■ What you will do
Your job is to set down the stretch of entries that opens with the line containing "Структурная организация белковой" and closes with the line containing "每個字首、字根、字尾皆衍生五個相關單字,每個單字附有詳細的". Keep both end lines, copy each exactly, and add nothing.

■ Provided records
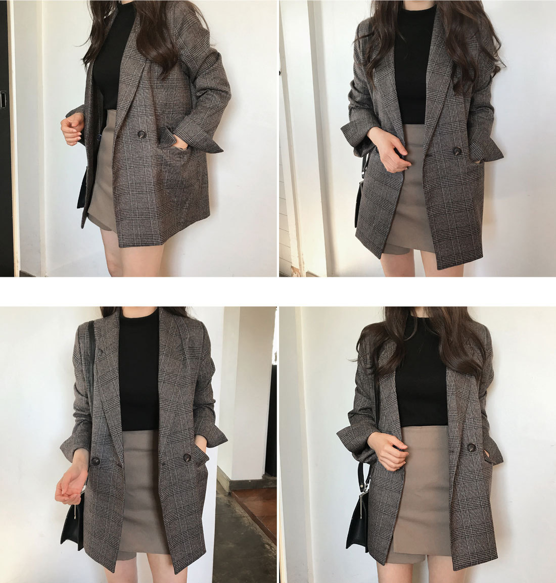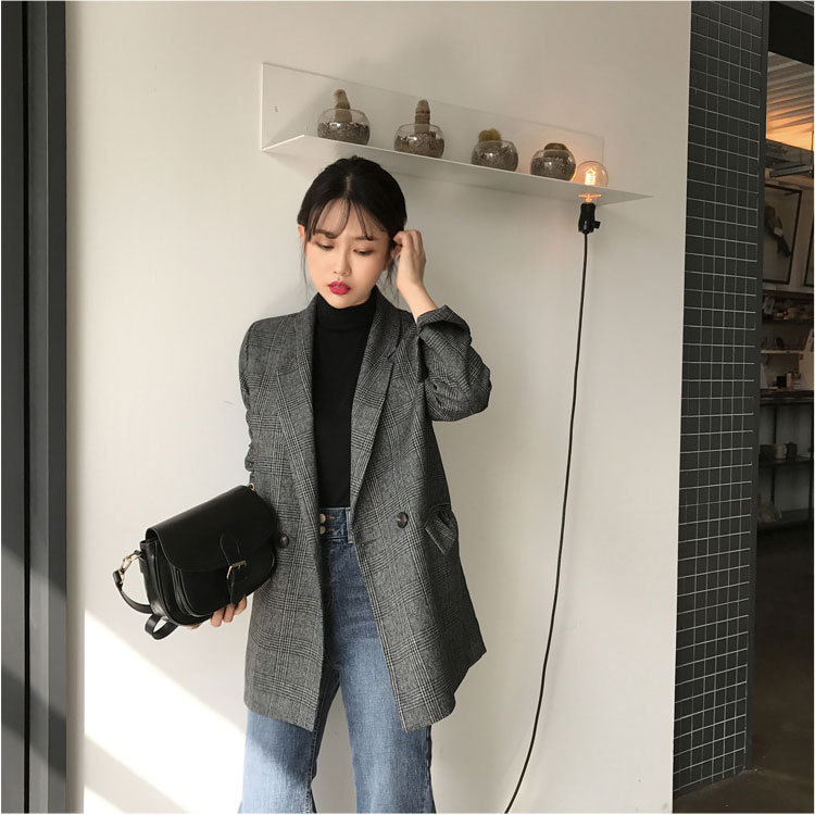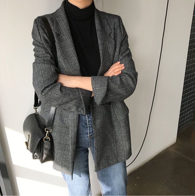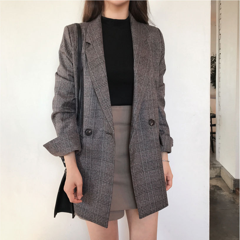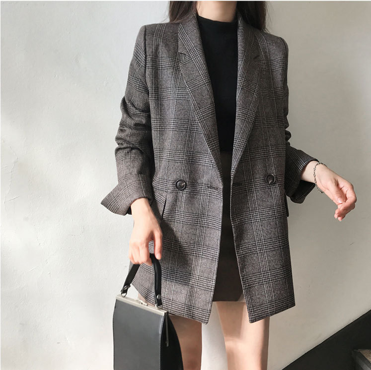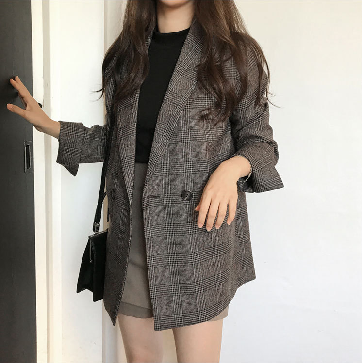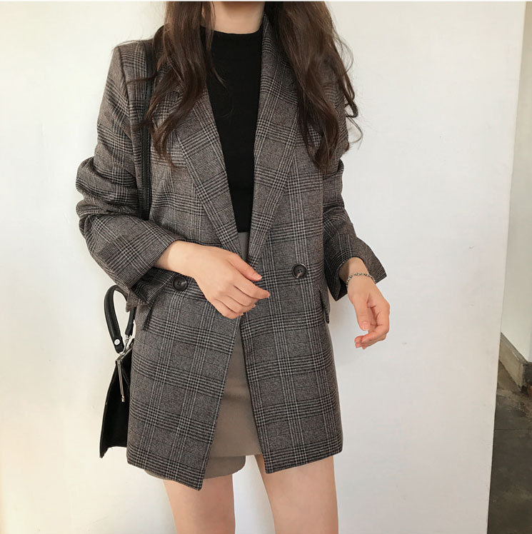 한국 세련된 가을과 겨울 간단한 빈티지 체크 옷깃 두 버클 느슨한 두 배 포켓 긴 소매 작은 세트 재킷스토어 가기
* * *
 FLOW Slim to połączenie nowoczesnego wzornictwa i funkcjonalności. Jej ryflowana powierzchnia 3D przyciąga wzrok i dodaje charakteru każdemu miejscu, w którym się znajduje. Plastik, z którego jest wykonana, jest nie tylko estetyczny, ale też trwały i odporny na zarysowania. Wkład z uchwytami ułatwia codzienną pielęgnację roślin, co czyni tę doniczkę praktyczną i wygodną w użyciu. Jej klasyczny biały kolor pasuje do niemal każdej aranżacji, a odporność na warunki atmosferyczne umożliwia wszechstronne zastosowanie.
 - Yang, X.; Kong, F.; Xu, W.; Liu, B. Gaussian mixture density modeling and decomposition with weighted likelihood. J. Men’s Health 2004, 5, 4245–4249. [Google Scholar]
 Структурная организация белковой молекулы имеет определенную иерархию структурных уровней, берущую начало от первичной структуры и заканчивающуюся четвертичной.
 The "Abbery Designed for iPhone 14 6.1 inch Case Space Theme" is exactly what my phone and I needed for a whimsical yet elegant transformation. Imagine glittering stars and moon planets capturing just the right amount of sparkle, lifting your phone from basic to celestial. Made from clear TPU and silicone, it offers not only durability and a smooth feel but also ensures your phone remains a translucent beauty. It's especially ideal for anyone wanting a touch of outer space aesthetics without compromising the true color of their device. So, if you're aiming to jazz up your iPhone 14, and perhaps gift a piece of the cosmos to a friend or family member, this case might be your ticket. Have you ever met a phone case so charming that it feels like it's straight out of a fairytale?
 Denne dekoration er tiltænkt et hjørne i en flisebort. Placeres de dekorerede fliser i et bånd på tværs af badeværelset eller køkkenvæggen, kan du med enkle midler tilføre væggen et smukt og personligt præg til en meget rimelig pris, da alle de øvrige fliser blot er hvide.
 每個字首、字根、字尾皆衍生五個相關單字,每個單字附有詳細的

■ Answer area
 Структурная организация белковой молекулы имеет определенную иерархию структурных уровней, берущую начало от первичной структуры и заканчивающуюся четвертичной.
 The "Abbery Designed for iPhone 14 6.1 inch Case Space Theme" is exactly what my phone and I needed for a whimsical yet elegant transformation. Imagine glittering stars and moon planets capturing just the right amount of sparkle, lifting your phone from basic to celestial. Made from clear TPU and silicone, it offers not only durability and a smooth feel but also ensures your phone remains a translucent beauty. It's especially ideal for anyone wanting a touch of outer space aesthetics without compromising the true color of their device. So, if you're aiming to jazz up your iPhone 14, and perhaps gift a piece of the cosmos to a friend or family member, this case might be your ticket. Have you ever met a phone case so charming that it feels like it's straight out of a fairytale?
 Denne dekoration er tiltænkt et hjørne i en flisebort. Placeres de dekorerede fliser i et bånd på tværs af badeværelset eller køkkenvæggen, kan du med enkle midler tilføre væggen et smukt og personligt præg til en meget rimelig pris, da alle de øvrige fliser blot er hvide.
 每個字首、字根、字尾皆衍生五個相關單字,每個單字附有詳細的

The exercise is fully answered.